*EXERCISE DIRECTIONS*
Only what runs from the line with "12.12. 2024 года" to the end of the data should appear in the answer, exactly as written and without pictures.

*RECORDED DATA*

Segment Open

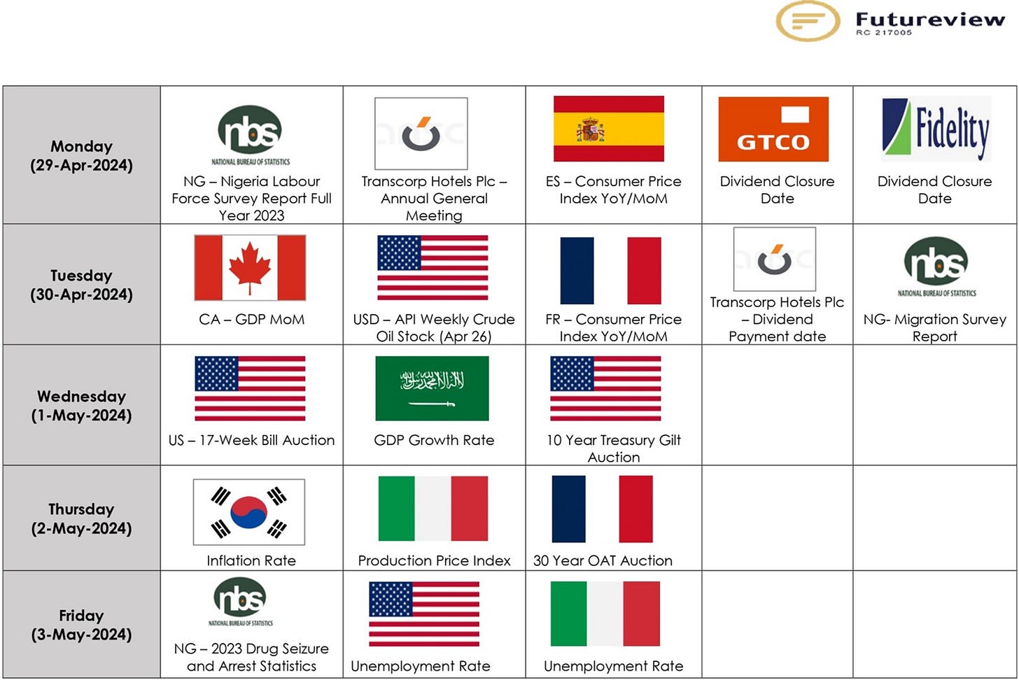 Also, see below the main events of the week from 30th April – 3rd May, 2024.
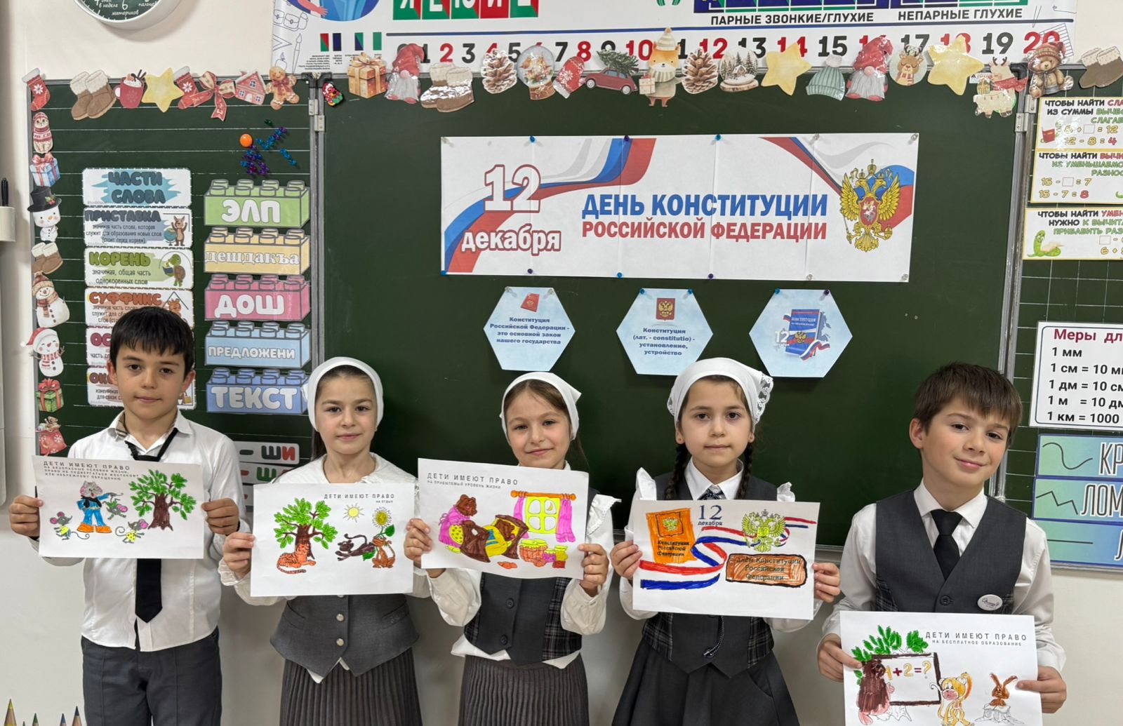 12.12. 2024 года учителями начальных классов Исмаиловой М.Р. и Акуевой Р.М. проведен конкурс рисунка, приуроченный ко Дню Конституции Российской Федерации " Я рисую свои права"
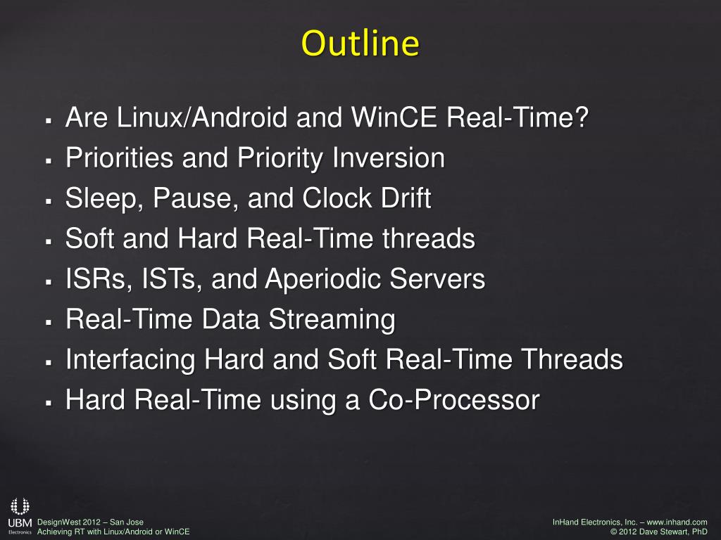 ESC 316. Achieving Real-Time Performance with Linux/Android or Windows CE. Dave Stewart, PhD Director of Research and Systems Integration InHand Electronics dstewart@inhand.com www.inhand.com. Outline. Are Linux/Android and WinCE Real-Time? Priorities and Priority Inversion

Segment Closed

*RESPONSE*
 12.12. 2024 года учителями начальных классов Исмаиловой М.Р. и Акуевой Р.М. проведен конкурс рисунка, приуроченный ко Дню Конституции Российской Федерации " Я рисую свои права"
 ESC 316. Achieving Real-Time Performance with Linux/Android or Windows CE. Dave Stewart, PhD Director of Research and Systems Integration InHand Electronics dstewart@inhand.com www.inhand.com. Outline. Are Linux/Android and WinCE Real-Time? Priorities and Priority Inversion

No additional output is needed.